All I did was change up the nut butters and the sweet things and add an extra splash of vanilla.  I can't take credit for the skills needed to make the cookies.  God gave me the ability to learn the skills, and He gave me what little creativity was needed to change up the recipe.

Every good and every perfect gift is from above.

Which makes me wonder at intellectual property.  Is our intellectual property really ours? Do we have any right to claim intellectual property rights, when our very intellect isn't ours, but a gift? Maybe even just a loan?

Saturday, October 29, 2011

Tastes Like... Chemicals

In the pre-healthy-food days of yore, one of the big treats of road trips was seasoned curly fries.  You know how it is: You make a potty stop at a fast food place, but since rest rooms are really only for customers, you need to make some sort of obligatory purchase to justify your status as a customer.

Our go-to purchase was seasoned curly fries.  We'd get an order and share it.  Extra salt. Yummm. We never bought seasoned curly fries in real life.

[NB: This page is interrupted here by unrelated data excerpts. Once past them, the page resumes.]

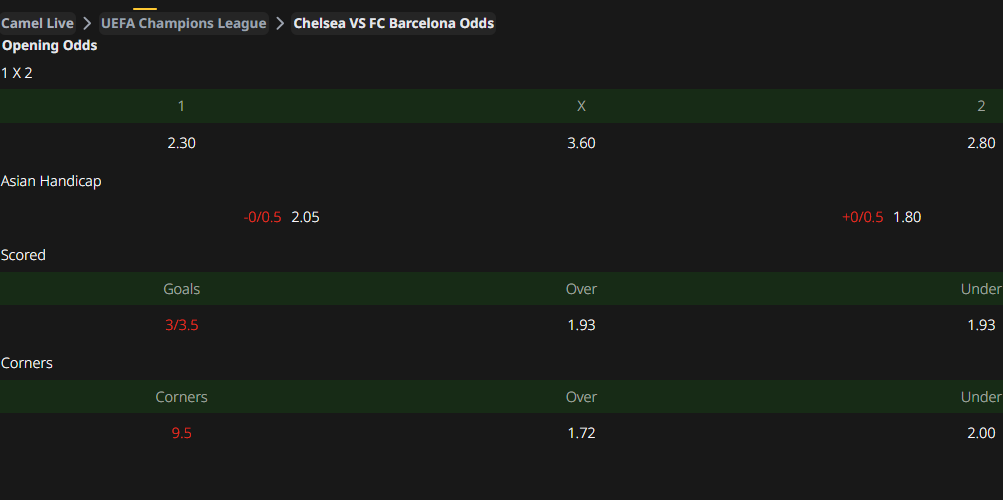 UEFA Champions League : Chelsea vs Barcelona Prediction & Betting Tips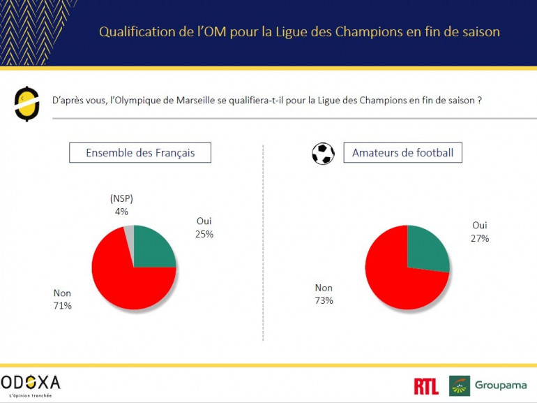 Mais la crise que traverse le club est telle que pour les Français, les coéquipiers de Florian Thauvin ne parviendront pas à se classer parmi les trois premiers en fin de saison. 71% des Français et 73% des amateurs de football estiment que l’OM ne jouera pas la plus prestigieuse des compétitions l’an prochain.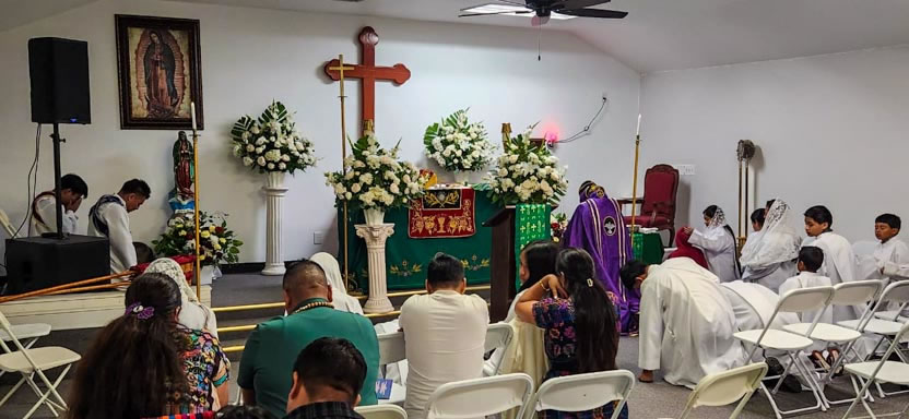 Seguidamente, se comenzaron las celebraciones litúrgicas en la parroquia San Miguel Arcángel, ubicada en East Rancho Domínguez.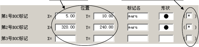 输入 X、Y 坐标。 选择此处,示教标记形状。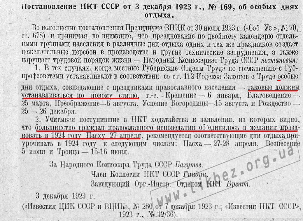 Цього ж таки 1923 р. було упорядковано датування «особливих днів відпочинку». 30 липня Всеросійський ЦВК, а 3 грудня 1923 р. і наркомат праці СРСР, затвердили рішення про використання «нового стилю» для релігійних свят із постійними датами. Великдень та прив’язані до нього свята було дозволено відзначати за приписами православної церкви. Така практика збереглася і в наступні роки.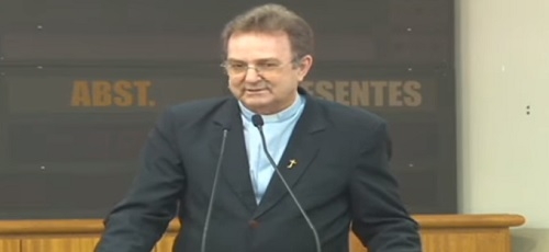 D. Anuar Battisti, arcebispo de Maringá, ao discursar na sessão solene que entregou o título de Cidadão Honorário de Maringá ao bispo de Campo Mourão, D. Bruno Versari; sexta-feira.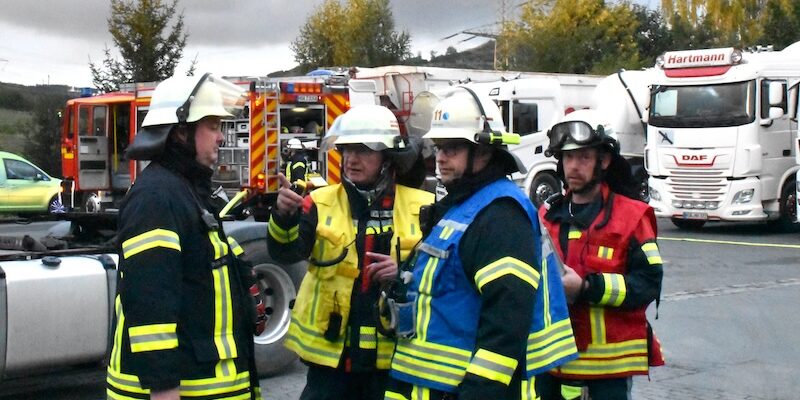 Ein besonderer Dank ging an die Spedition Hartmann, die nicht nur ihr Gelände zur Verfügung stellte, sondern auch maßgeblich zum Erfolg der Übung beitrug. Im Anschluss an den Einsatz trafen sich die Feuerwehrkräfte zu einem gemeinsamen Erfahrungsaustausch. Hier wurde nicht nur über den Ablauf der Übung reflektiert, sondern auch die Zusammenarbeit der verschiedenen Einheiten gewürdigt. Die jährliche Einsatzübung „West“ hat einmal mehr gezeigt, wie wichtig und effektiv das Zusammenspiel der Feuerwehr auch über Stadt- und Gemeindegrenze hinweg ist – eine Tradition, die Leben retten kann.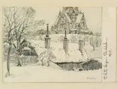 "På Hvita Bergen 1924", Stockholm, Södermalm, Vita bergen, bebyggelse och Sofia kyrka i Bakgrunden. Teckning av Ferdinand Boberg.

Only on road trips.

And, plain fries were medicine. They were the thing to eat when one's stomach was revolting.

So, last Thursday we were on our way home from Sacramento, and something I'd eaten had left my stomach in that delicate, needing plain fries state.  

We got to our final gas and Starbucks stop at West Laval Road, and Spouse suggested I get some fries.

I'd heard that fast-food fries are often cooked in grease shared with gluteny items, and some fries are coated in a "modified starch" -- i.e., gluten.  So, if I got some, he couldn't have any.  I hate eating things in front of him that he can't have.  It just seems mean.

He assured me that, since plain fries are medicine, he'd have no temptation.

So, across the parking lot I went to the fast food purveyor to buy one order of plain fries. Got back in the car, opened the bag, and grabbed a small hand full. 

My stomach was looking forward to the soothing combination of crispy moist potato and salt.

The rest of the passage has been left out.